● **DATASET CONTENT**
+++

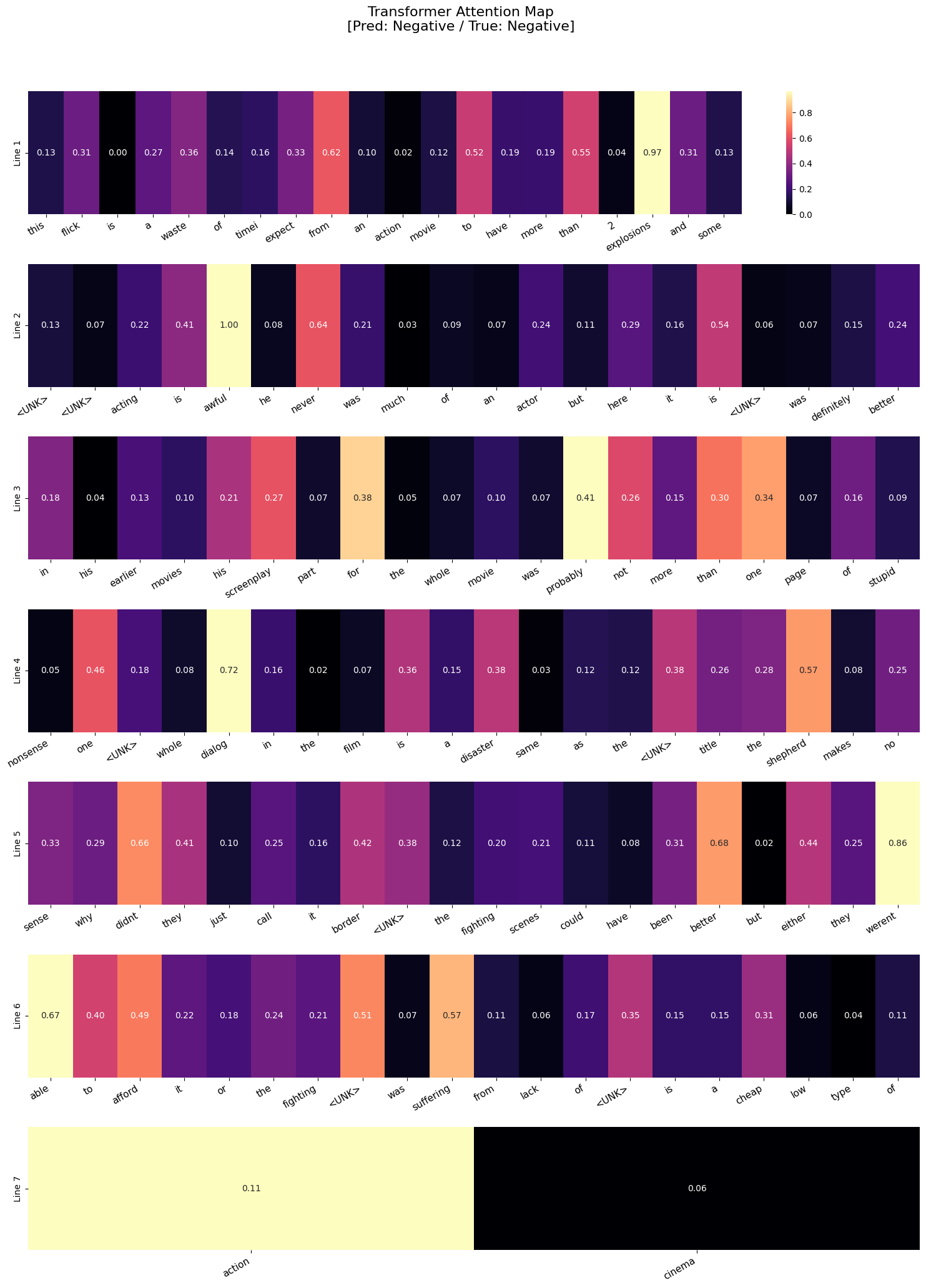 awful단어에 가장 높은 어텐션 가중치가 부여되었다. 이는 모델이 이 단어를 감정 분류에 있어서 가장 중요한 단어로 인식하고 있음을 시사한다. - 핵심 키워드:
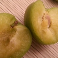 青脆李果實(shí)圓形,平均單果重30克,45克,果柄短,果皮青綠色,果面光滑,果肉厚皮薄,肉質(zhì)脆硬汁多,味甜中帶苦,回味清香甘甜,品質(zhì)上等,可溶性固形物13.8%,果核小,橢圓形,離核,可食率高,耐貯運(yùn)極強(qiáng)。
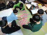 4校時、1年生の子供たちが、生活科で季節のおもちゃ作りに挑戦していました。松ぼっくりけん玉、どんぐり迷路、ヤジロベー、魚釣りなど、作っているおもちゃは様々ですが、どの子も夢中で作っていました。
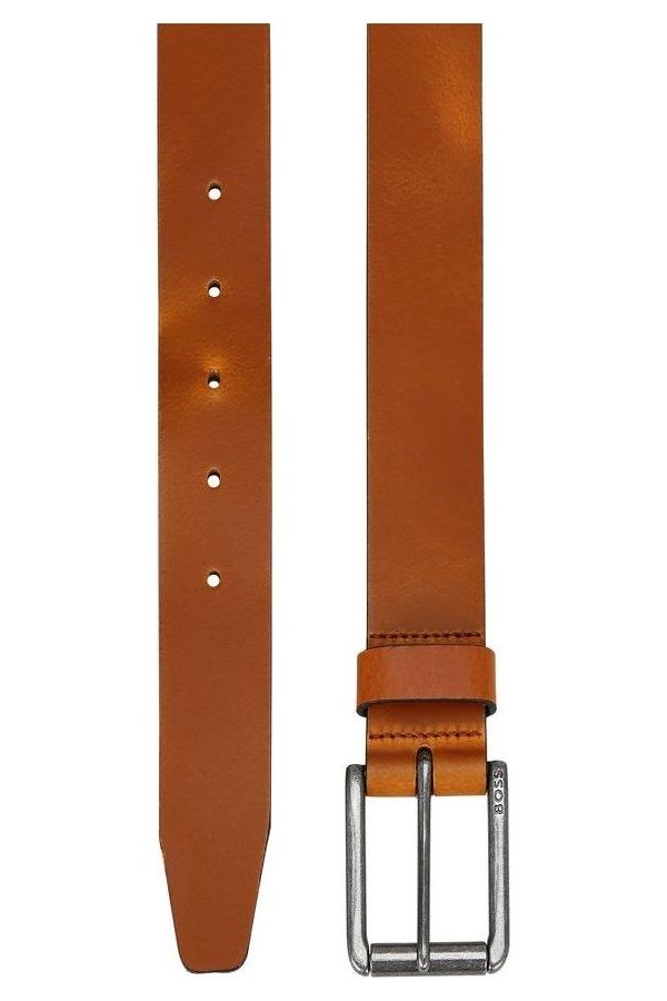 Cinturón versátil de 4 cm de BOSS, diseñado en piel lisa con hebilla con el logotipo grabado. Para un ajuste óptimo, recomendamos pedir un cinturón de una talla más grande que la medida de tu cintura.

+++

● **ASSIGNED TASK**
Look above for the line with "青脆李果實(shí)圓形,平", then print it and each line after it down to and including the line with "4校時、1年生の子供たちが、". Leave out the pictures and keep the wording exact.

● **RESPONSE TO THIS TASK**
 青脆李果實(shí)圓形,平均單果重30克,45克,果柄短,果皮青綠色,果面光滑,果肉厚皮薄,肉質(zhì)脆硬汁多,味甜中帶苦,回味清香甘甜,品質(zhì)上等,可溶性固形物13.8%,果核小,橢圓形,離核,可食率高,耐貯運(yùn)極強(qiáng)。
 4校時、1年生の子供たちが、生活科で季節のおもちゃ作りに挑戦していました。松ぼっくりけん玉、どんぐり迷路、ヤジロベー、魚釣りなど、作っているおもちゃは様々ですが、どの子も夢中で作っていました。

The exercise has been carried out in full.